The Wright Flyer was a bi-canard biplane configuration. As with the earlier gliders, the pilot flew lying on his stomach on the lower wing with his head toward the front of the craft in an effort to reduce drag. He steered by moving a cradle attached to his hips. The cradle pulled wires which warped the wings and turned the rudder simultaneously. The Wright Flyer's runway was a track of 2 x 4s laid on their narrow edge, which the brothers nicknamed the "Junction Railroad."

Orville and Wilbur returned to Kitty Hawk in 1903, and they completed assembly of the Wright Flyer while practicing on the 1902 glider from the previous season. On December 14, 1903, they felt ready for their first attempt at powered flight. With the help of men from a nearby government life-saving station, the Wright brothers moved the Wright Flyer and its launching rail to the incline of a nearby sand dune, Big Kill Devil Hill, intending to make a gravity-assisted takeoff. The brothers tossed a coin to decide who would get the first chance at piloting, and Wilbur won. The airplane left the rail, but Wilbur pulled up too sharply, stalled, and came down after 3-1/2 seconds, with minor damage.

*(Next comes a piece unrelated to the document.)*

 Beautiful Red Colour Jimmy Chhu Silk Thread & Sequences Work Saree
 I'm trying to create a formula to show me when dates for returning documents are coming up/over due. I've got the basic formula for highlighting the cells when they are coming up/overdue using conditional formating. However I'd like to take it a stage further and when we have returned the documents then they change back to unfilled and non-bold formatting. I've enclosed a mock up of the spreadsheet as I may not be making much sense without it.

Repairs after the abortive first flight took three days. When they were ready again on December 17th, the wind was averaging more than twenty (20) miles per hour, so the brothers laid the launching rail on level ground, pointed into the wind, near their camp. This time the wind, instead of an inclined launch, provided the necessary airspeed for takeoff. Because Wilbur had already had the first chance, Orville took his turn at the controls. His first flight lasted twelve (12) seconds for a total distance of 120 feet – shorter than the wingspan of a Boeing 747, as noted by observers in the 2003 commemoration of the first flight.

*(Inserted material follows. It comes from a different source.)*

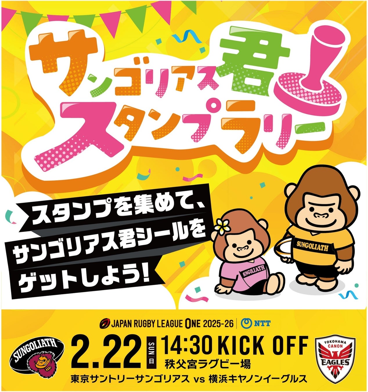 東京サントリーサンゴリアスは、2026年2月22日(日)開催のホストゲーム「NTT JAPAN RUGBY LEAGUE ONE 2025-26 第9節 横浜キヤノンイーグルス戦」を、東洋製罐グループをマッチデーパートナーに迎え、『東洋製罐グループプレゼンツ マッチデー』として実施いたします。

Taking turns, the Wrights made four brief, low-altitude flights that day. The flight paths were all essentially straight; turns were not attempted. Each flight ended in a bumpy and unplanned landing. The last flight, by Wilbur, was 852 feet in 59 seconds, much longer than each of the three previous flights of 120, 175, and 200 feet. The last landing broke the front elevator supports, which the Wright brothers hoped to repair for a possible four-mile flight to Kitty Hawk village. Soon after, a heavy gust picked up the Wright Flyer and tumbled it end-over-end, damaging it beyond any hope of quick repair. It was never flown again.

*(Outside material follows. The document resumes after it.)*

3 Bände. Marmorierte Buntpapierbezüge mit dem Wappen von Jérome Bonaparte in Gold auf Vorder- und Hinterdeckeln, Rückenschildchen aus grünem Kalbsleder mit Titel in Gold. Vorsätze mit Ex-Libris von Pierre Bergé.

But, history was made. In North Carolina.

Created in 1982 to replace the much disputed 1975-1979 "First in Freedom" license plates, North Carolina continues to issue license plates with the slogan of "First in Flight." Of course, the citizens of the state of Ohio do not like these license plates, but although Wilbur and Orville Wright designed and built their gliders and the Wright Flyer in Dayton, OH, no one can dispute the "true fact" that the Wright brothers first flew their airplane in North Carolina in 1903.